So I was lucky enough to have some extra time off work. I'm thinkin' I'm gonna take a nap, get some meat ready for grilling tonight, relax... you know, the whole nine yards! Woo-hoo!!! That is... until I got home and realized that the Lawn-Mowing Fairy -- hey! This one is MANLY, thank you very much! -- didn't visit my house. So instead, I put on my junky lawn-mowing clothes, my junky lawn-mowing shoes, and trudged outside to start the chores.
Here I am, day off early from work, and I'm STILL working... and not getting paid for this one! That's okay, though.... The satisfaction of a freshly manicured lawn is payment enough, right?
I'm just about to step outside when I hear thump, thump, thump, thump, thump, thump, WHAM! A small human-shaped missile body-slams into me, at just the right height... if you know what I mean.... "Daddy! Daddy! Can I help too?!?" Mommy chimes in with, "He's been waiting to help you all day...."
Now I'm at a critical point in the decision making process: Do I say no and instantly evolve into the evil villain World's Worst Dad, who's alter-ego is the even more sinister Husband Living in the Doghouse... or... oh yeah! That's it!
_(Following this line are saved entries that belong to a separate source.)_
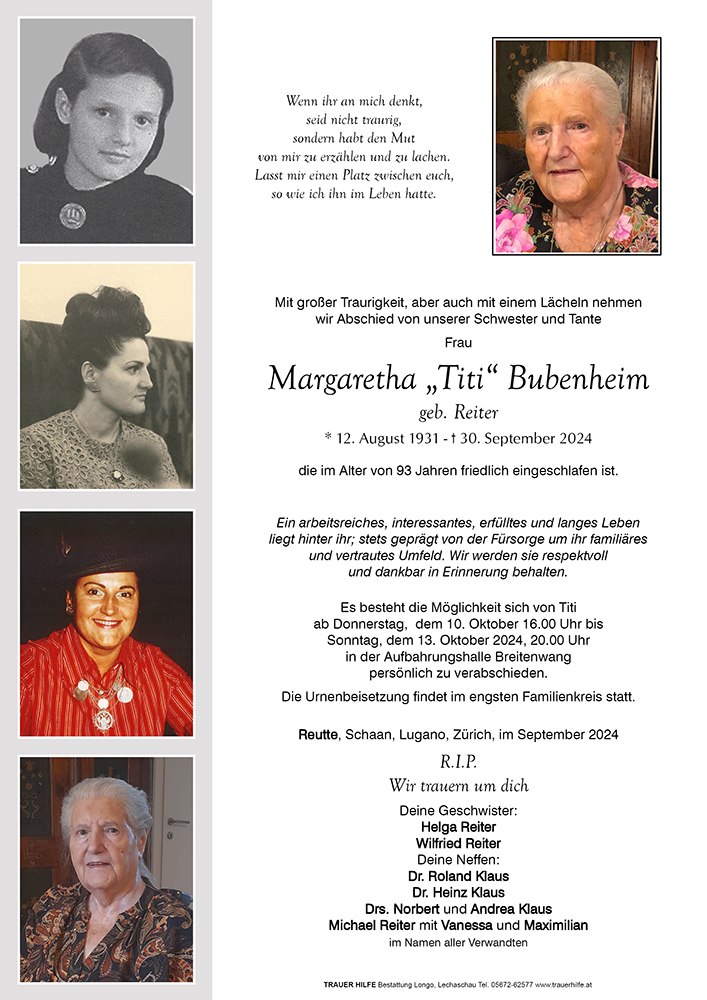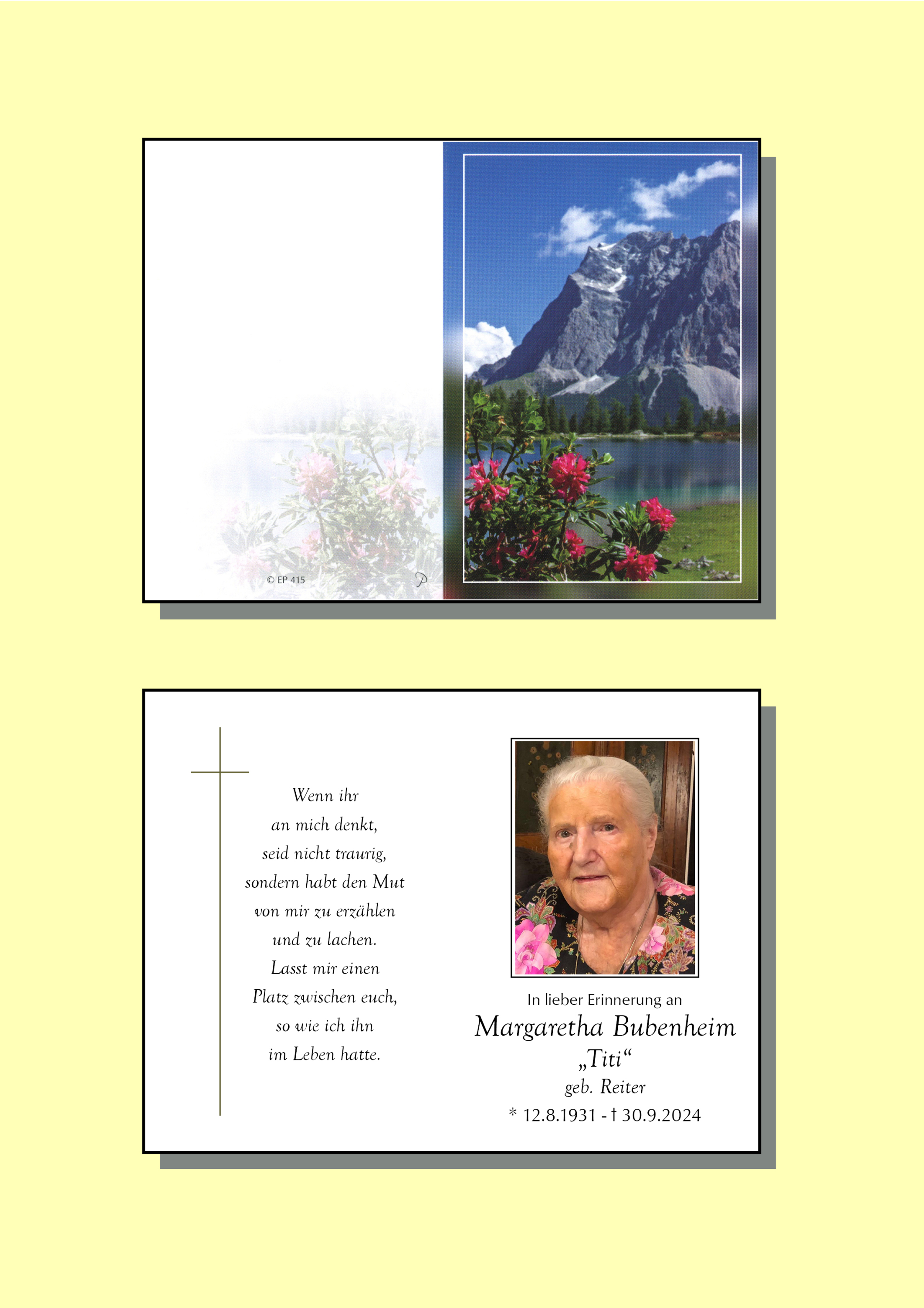 Kirsten und ich durften Frau Bubenheim leider nur einen kurzen Teil ihres Lebens begleiten! Es war aber eine sehr schöne Zeit …
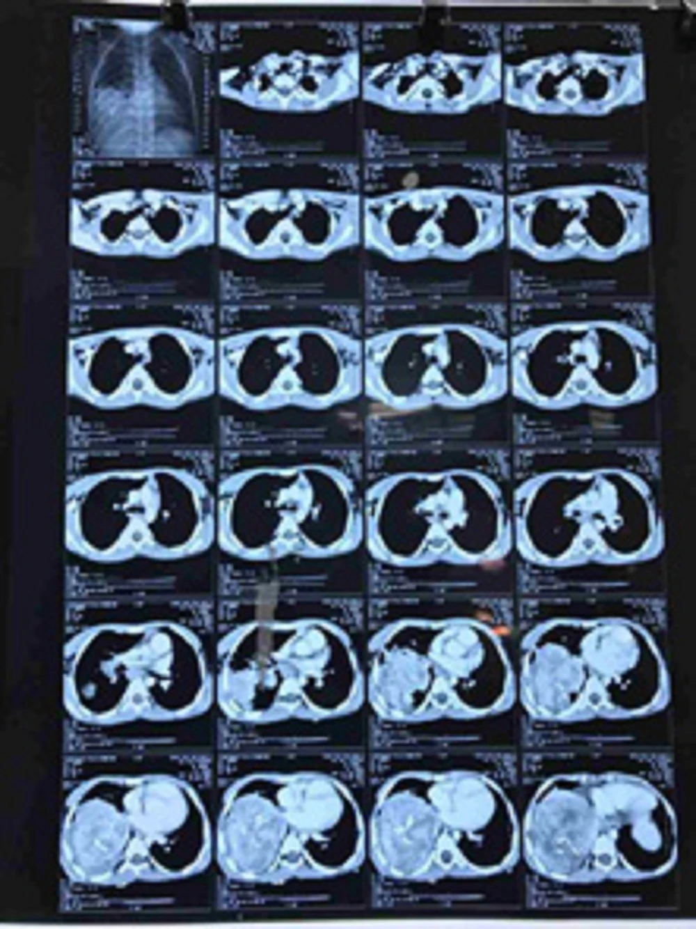 Qua thăm khám lâm sàng và phim chụp cắt lớp điện toán lồng ngực, các bác sĩ (BS) phát hiện một khối u rất lớn nằm ở thùy dưới phổi phải chiếm hơn ½ khoang lồng ngực, chèn ép vào tim và choán gần hết lồng ngực bệnh nhi. Ngoài ra, khối u có biểu hiện đang phát triển nhanh, tăng tưới máu dữ dội khiến bệnh nhi luôn trong tình trạng thiếu máu, hay bị ngất và không thể lên cân được.
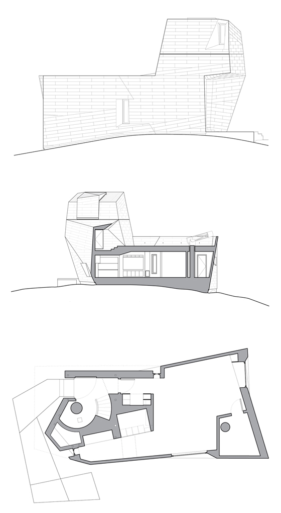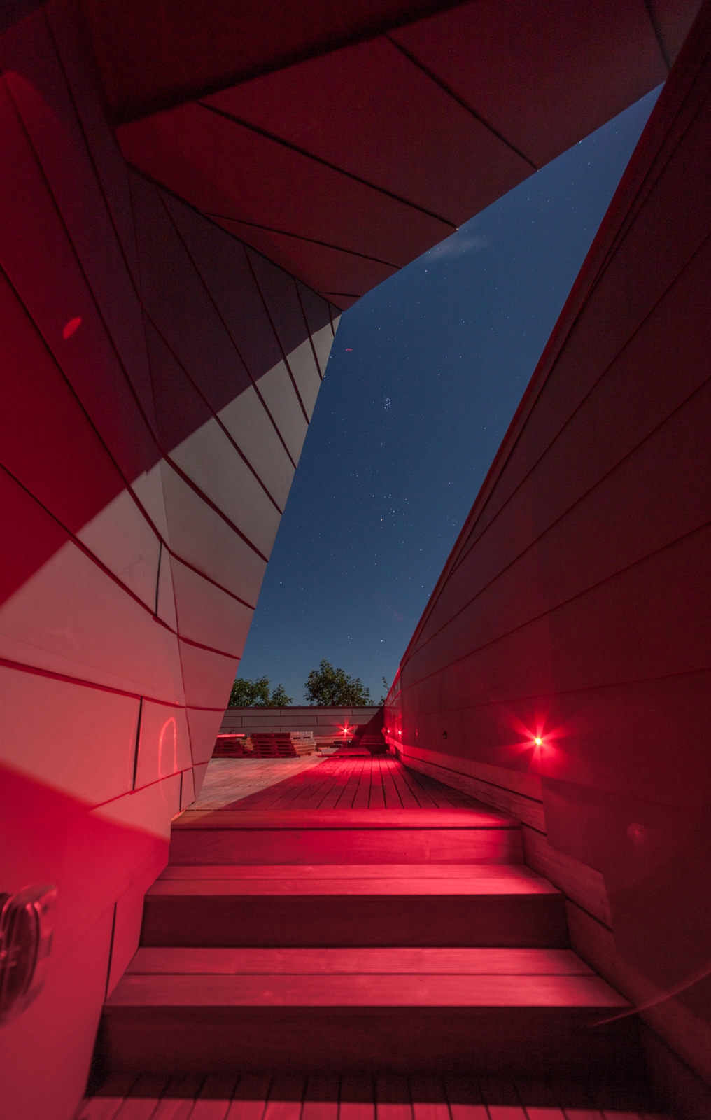 Its continuously faceted shape reflects the surrounding landform, and terraced concrete platforms transition between the summit’s bedrock and the building foundation, knitting together natural and man-made landscapes. An unconventional pattern of lock-seamed zinc cladding mediates between the irregular site topography and the building’s geometry, reflecting Gemma’s orientation to both geological and celestial landmarks.

One of the perks to becoming a father is that eventually you get to cash in on free slave labor. But, the laborers must be trained.... So I become the hero of the moment! Albeit one with ulterior motives....
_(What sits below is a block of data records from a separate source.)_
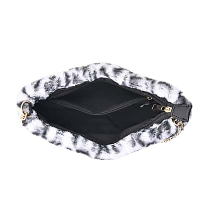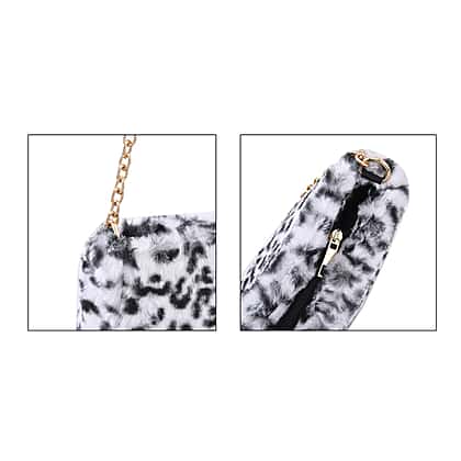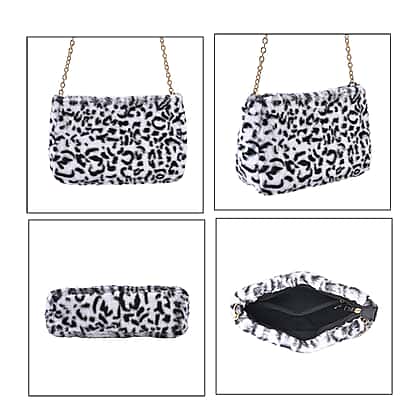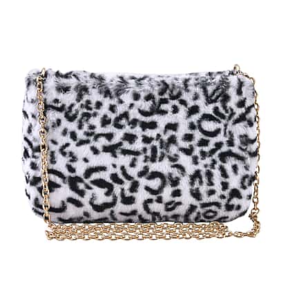 Leopard Pattern Faux Fur Shoulder Bag with Metal Chain
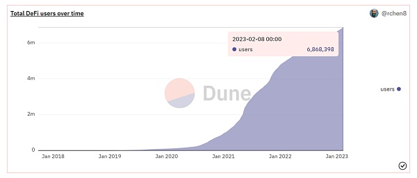 目前交易DeFi资产的唯一地址数有6.868M个,假如其中10%为意向用户,以Dune的月费$420为例,则TAM = 6.868M*10%*$420/月*12个月= $34.6亿/年。
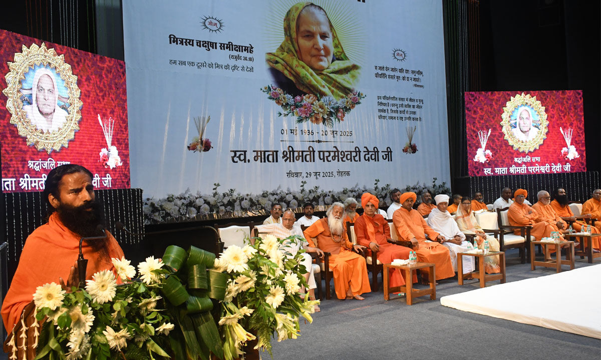 स्वामी रामदेव ने भावुक होते हुए कहा कि स्व. चौधरी मित्रसेन आर्य और माता परमेश्वरी देवी जी सदैव उन्हें अपना सातवां पुत्र मानते थे। मैं करोड़ों लोगों को आशीर्वाद देता हूं, लेकिन मैं सदैव आशीर्वाद लेने के लिए माता परमेश्वरी देवी के चरणों में अपना शीश झुकाता था। वे भी हमेशा मुझे पुत्र की तरह की लाड़ करती थीं। जरूरत होने पर डांटती भी थी और प्रेरित भी करती थीं। इन दोनों दिव्य आत्माओं ने आर्य समाज व सनातन परंपरा को जीवित रखने के लिए ताउम्र प्रयास व सहयोग किया। करीब 30 गुरुकुलों में उनके सहयोग से हजारों ब्रह्मचारियों ने वैदिक संस्कृति का ज्ञान अर्जित किया। सैकड़ों संस्थाओं में सहयोग करके उन्होंने समाज को नई राह दिखाने का काम किया। 89 वर्ष की उम्र में भी वे सदैव सक्रिय रहीं और वृद्धावस्था के बावजूद खेतीबाड़ी व पशुओं का ध्यान रखा। हमें उनके जीवन से सीख मिलती है कि किस तरह गांव से निकलकर एक साधारण महिला ने अपने अनुशासित जीवन से परिवार को ऊंचाइयों तक ले जाने का काम किया व राष्ट्र और समाजहित में खुद को समर्पित किया।
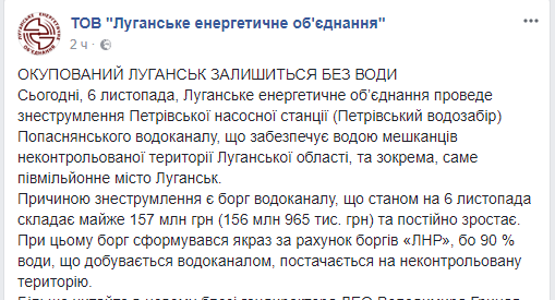 "При этом долг сформировался как раз за счет долгов так называемой "ЛНР", поскольку 90% воды, добываемой водоканалом, поставляется на неконтролируемую территорию", - объясняют в компании.

An hour later, and a freshly edged and ready to be mowed lawn is all that stands between my three year old, me and ultimate victory in the on-going battle for manicured lawns fought all across the world! I get Black Beauty gassed up and primed. I reach for the ripcord, but a small fist has already closed around the handle. If only that young enthusiasm would last! He gives it a few tugs and looks at me quizzically. "Why it's not starting, Daddy?" I give it a couple good pulls... and sure enough... the darn thing refuses to start....
But then, when all hope has been lost, we spy that the spark plug cable has been disconnected! Deftly, I reconnect the line, give one immense yank on the cord, and Black Beauty growls to life, spewing smoke out it's exhaust like some kind of grass-eating dragon. Again, his youthful enthusiasm gets the better of him, and my son steps behind the mower, reaches just above the top of his head, looks up and back at me and says, "OK, Daddy! I'm ready!"
There has never been a more proud moment in a father's life than when his son willingly gets behind the lawnmower and goes to town. Granted, it took almost twice the amount of time as it would have had I simply worked alone. But every hero needs a sidekick. And every sidekick needs training to become the next hero.
For an hour, I was that hero. Hopefully the next moment will be just as cool.